His greatest academic fame came from his excavation in 1896 of the papers of the Cairo Geniza, an extraordinary collection of over 100,000 pages (around 300,000 documents) of rare Hebrew religious manuscripts and medieval Jewish texts that were preserved at an Egyptian synagogue. The find revolutionized the study of Medieval Judaism.

Jacob Saphir was the first Jewish researcher to recognize the significance of the Cairo Geniza, as well as the first to publicize the existence of the Midrash ha-Gadol. Schechter was alerted to the existence of the Geniza's papers in May 1896 by two Scottish sisters, Agnes and Margaret Smith (also known as Mrs. Lewis and Mrs. Gibson), who showed him some leaves from the Geniza that contained the Hebrew text of Sirach, which had for centuries only been known in Greek and Latin translation. Letters, written at Schechter's prompting, by Agnes Smith to The Athenaeum and The Academy quickly revealed the existence of another nine leaves of the same manuscript in the possession of Archibald Sayce at University of Oxford. Schechter quickly found support for another expedition to the Cairo Geniza, and arrived there in December 1896 with an introduction from the Chief Rabbi, Hermann Adler, to the Chief Rabbi of Cairo, Aaron Raphael Ben Shim'on. He carefully selected for the Cambridge University Library a trove three times the size of any other collection: this is now part of the Taylor-Schechter Collection. The find was instrumental in Schechter resolving a dispute with David Margoliouth as to the likely Hebrew language origins of Sirach.
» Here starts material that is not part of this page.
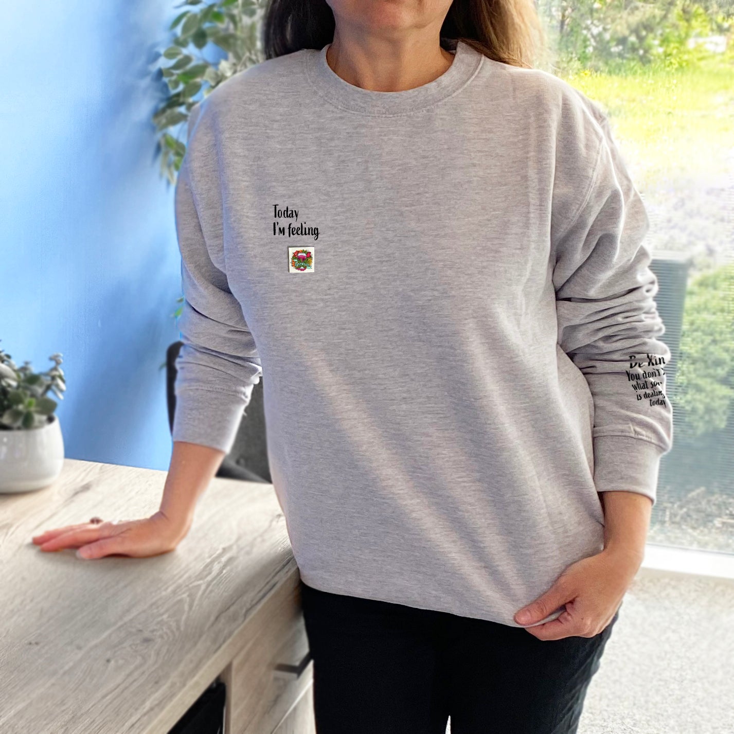 This fun sweatshirt is gorgeous and soft, making it super comfortable to wear. It also reminds people to Be Kind as you don't know what people are dealing with behind their smiles that day. To let people know the sweatshirt has 'Today I'm Feeling' printed onto the breast and comes with 6 interchangeable acrylic pin badges. You can let the world know how you are feeling! Do you feel awesome? Feel like Tequila? Feel like you need a hug? Choose 6 of our acrylic pin badges to accompany your sweater for which will closest match your moods. You can always add to this later on and buy more pins separately to expand your feeling range!

Charles Taylor took a great interest in Solomon Schechter's work in Cairo, and the genizah fragments presented to the University of Cambridge are known as the Taylor-Schechter Collection. He was joint editor with Schechter of The Wisdom of Ben Sira, 1899. He published separately Cairo Genizah Palimpsests, 1900.

He became a Professor of Hebrew at University College London in 1899 and remained until 1902 when he moved to the United States and was replaced by Israel Abrahams.

==American Jewish community==
In 1902, traditional Jews reacting against the progress of the American Reform Judaism movement, which was trying to establish an authoritative "synod" of American rabbis, recruited Schechter to become President of the Jewish Theological Seminary of America (JTSA).

Schechter served as the second President of the JTSA, from 1902 to 1915, during which time he founded the United Synagogue of America, later renamed as the United Synagogue of Conservative Judaism.

==Death==
He died in 1915, and was buried at Mount Hebron Cemetery in Flushing, Queens.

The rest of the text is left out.